Landing number 2278; A Landing A Day blog post number 708.
Dan: Geez. California again?!? California was oversubscribed (OS) for my most recent landing. Twice in a row? Now it’s more OS than ever . . .
This is my 7th California double, and my 59th double overall.
Here’s my regional landing map:
And my local landing map.
You see two non-titular towns (Independence and Lone Pine), that I’m not featuring because I featured them in previous posts:
Independence, featured in a August 12, 2009 post. Type “Independence” in the search box. There are lots of pretty pictures; it also features a Japanese internment camp, “Manzanar.”
Lone Pine, featured in a February 15, 2009 post. Type (you guessed it) “Lone Pine” in the search box. Lots more pretty pictures, and a discussion of a huge 1872 earthquake.
Recently, I featured the Owens Valley (and the 1872 earthquake once again) in my May 2016 Bishop post. You’re on your own to find it.

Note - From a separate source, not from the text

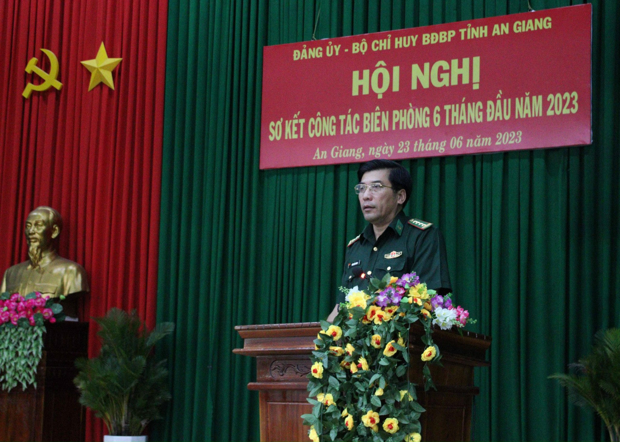 Đại tá Trần Quốc Khánh, Phó Bí thư Đảng ủy, Chỉ huy trưởng BĐBP tỉnh An Giang đề nghị, toàn đơn vị tiếp tục đẩy mạnh phong trào thi đua xây dựng “Chi bộ cơ sở bốn tốt”, “Đảng bộ cơ sở bốn tốt”; sơ kết, đánh giá giữa nhiệm kỳ thực hiện Nghị quyết Đại hội đảng các cấp trong Đảng bộ BĐBP tỉnh nhiệm kỳ 2020 - 2025; tổ chức Hội nghị kiểm điểm của Ban Thường vụ, Hội nghị Đảng ủy phiên cuối năm 2023...
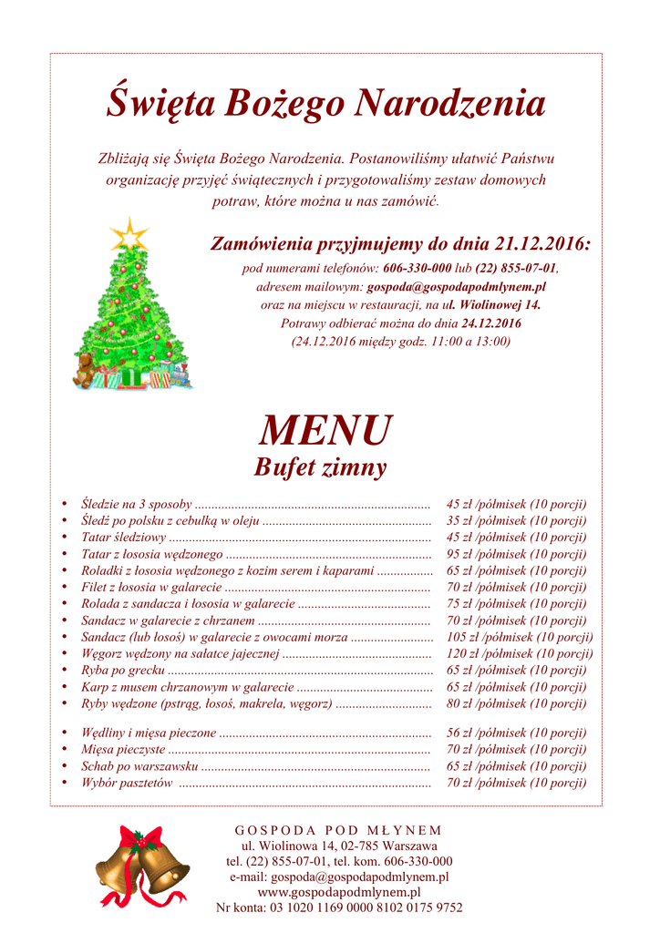Wigilia 2016 Potrawy na wynos Oferta do wydruku

So, I decided to feature the town of Owenyo and the adjacent Saline Valley.
But first, I need to do my watershed analysis, which requires a look at Google Earth. Click HERE for my GE spaceflight on in to SE California.
It’s obvious that I landed in the mountains, but where does a drop of water end up that falls on my landing?
Here’s an oblique GE shot, looking west:
It’s obvious now that I’m on the eastern slope of the mountain range and in the Saline Valley watershed.
Here’s another, more local shot (looking northeast, with the Saline Valley in the background):
And yet another, looking southeast towards the valley:
Here’s the overview:
See the whitest area in the Saline Valley? That’s the low spot where my drainage ends up. And yes, this was my first landing in the Saline Valley.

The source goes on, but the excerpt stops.